In RPC or RGC transplantation, cell viability and phenotype maintenance are the first objectives, while the second target is cell grafting into the target tissue. It is relatively usual in clinical and research practice to inject cells suspended in buffered liquid media (e.g., PBS) in the vitreal
[42] or in the subretinal regions
[43]. However, the shear stress that these cells suffer reduces their viability, as shown by Dromel et al.

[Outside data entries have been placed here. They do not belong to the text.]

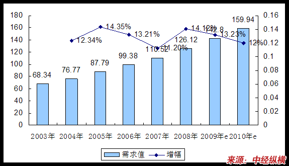 2003-2010年我国高频无极灯需求值 分析 及预测图
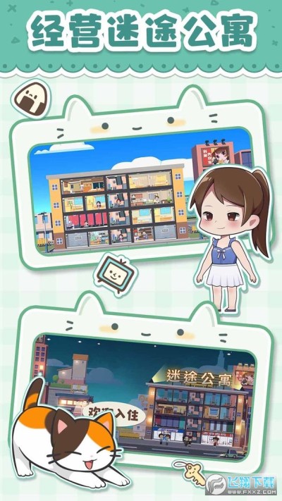 嗨~你想体验经营公寓的乐趣吗?坐落在星海城的迷途公寓正在招募管理员哦!这可是个大好机会!这里的主人是位远近闻名的爱猫慈善家,人们都叫她猫婆婆。最近她计划出门远行,因此需要一位可靠热心的代理人来管理迷途公寓!迷途公寓是一栋漂亮的大楼,这里有各种类型的公寓房间,此外还有餐厅、快递、超市等为居民提供服务的商铺。
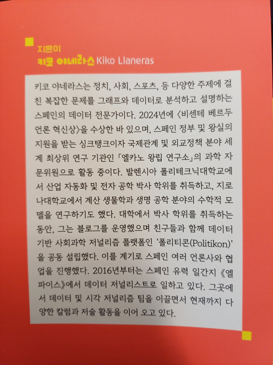 그는 확률·통계 개념을 나열하는 것이 아니라, 실제 기사와 리포트에서 어떻게 데이터를 읽고 시각화하고 설명할 것인지까지 이어지는 데이터 저널리즘 실무자의 시선이 녹아 있다.
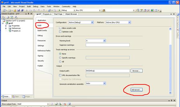 Здесь произведение значений а и b превышает диапазон представления значений типа byte. Следовательно, результат данного выражения не может быть записан в переменную result, тип которой byte. Для управления подобными исключениями в С# используются операторы checked и unchecked. Чтобы указать, что некоторое выражение должно быть проконтролировано на предмет переполнения, используйте ключевое слово checked. А чтобы проигнорировать переполнение, используйте ключевое слово unchecked. В последнем случае результат будет усечен так, чтобы его тип соответствовал типу-результату выражения. Замечание. По умолчанию проверка переполнения отключена (галочка не стоит). В результате код выполняется быстро, но тогда программист должен быть уверен, что переполнения не случится или предусмотреть его возникновение. Как мы уже упоминали, можно включить проверку переполнения для всего проекта, однако она не всегда нужна. С помощью использования операторов checked и unchecked в С# реализуется механизм гибкого управления проверкой Можно задать (или отключить) проверку переполнения сразу для всего проекта. Для этого необходимо выполнить следующие действия
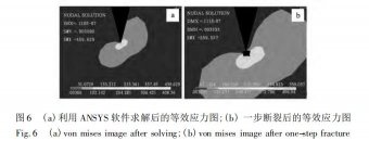 由圖 6a 可知在初始裂紋尖端處,等效應(yīng)力達(dá)最大值;因此裂紋擴(kuò)展首先從此處發(fā)生,利用 ANSYS 中的殺死/激活命令實現(xiàn)試樣斷裂一步的模擬。為判斷裂紋下一步的擴(kuò)展方向,在殺死第一個單元的條件下再執(zhí)行求解操作,然后用選擇功能將非激活單元選出選擇集。試樣斷裂一步后的 Von Mises 等效應(yīng)力如圖 6b,依此分析方法,得到如圖 7 所示的斷裂八十步后的 Von Mises 等效應(yīng)力分布圖。
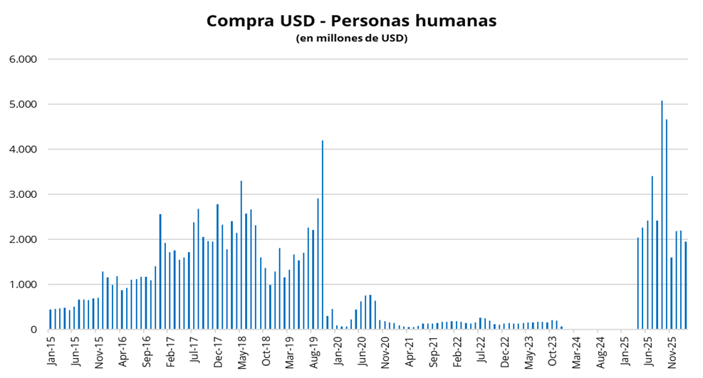 Por otra parte, las "Personas humanas" realizaron compras netas de moneda extranjera por USD 2.552 millones, principalmente en billetes sin fines específicos por USD 1.954 millones. No obstante, el BCRA estima que, del total de salida por billetes y divisas sin fines específicos (USD 2.000 millones entre individuos y empresas), unos USD 900 millones se destinaron al pago de consumos con tarjeta en el exterior, USD 300 millones a importaciones y otras obligaciones, y USD 600 millones quedaron depositados en bancos locales. De esta manera, los egresos que efectivamente incrementaron la posición de activos externos del "Sector Privado No Financiero" en febrero se estiman en torno a los USD 200 millones.

[44]. These authors compared the viability of hRPCs when injected with a 31-gauge needle after being suspended in PBS and after their encapsulation in a hydroxyphenyl propionic acid–gelatin gel (Gtn-HPA) that was enzymatically crosslinked in vivo, on site, after transplantation. Both the suspended and encapsulated RPCs were injected into the sub-retinal eye space of several rats, with a higher number of living engrafted cells and less immune response observed when delivered using the Gtn-HPA gel. This protection also resulted in higher cell viability and proliferation, lower apoptosis, and phenotype maintenance. Gtn-HPA gels appear to be fine vehicles for RPC transplantation as these gels can be crosslinked in situ through the use of small quantities of horseradish peroxidase (HRP) and hydrogen peroxide, showing similar cell survival rates when compared to 2D in vitro controls
[44]. Gtn-HPA and HA-Tyr (hyaluronic acid-tyramine) hydrogels, when mixed, are physically and chemically similar to the vitreous and can be crosslinked by HRP-H
2O
2 chemistry in situ after injection, facilitating RGC attachment to the inner limiting membrane (ILM) of the retina. Dromel et al. compared the pure gels and their combinations at diverse rates, creating interpenetrating Gtn-HPA/HA-Tyr networks that helped RGCs to engraft to the ILM and connect to the optic nerve by extending long axons. Still, even though the Evans rats used in the study remained healthy, functional and behavioral tests need to be performed.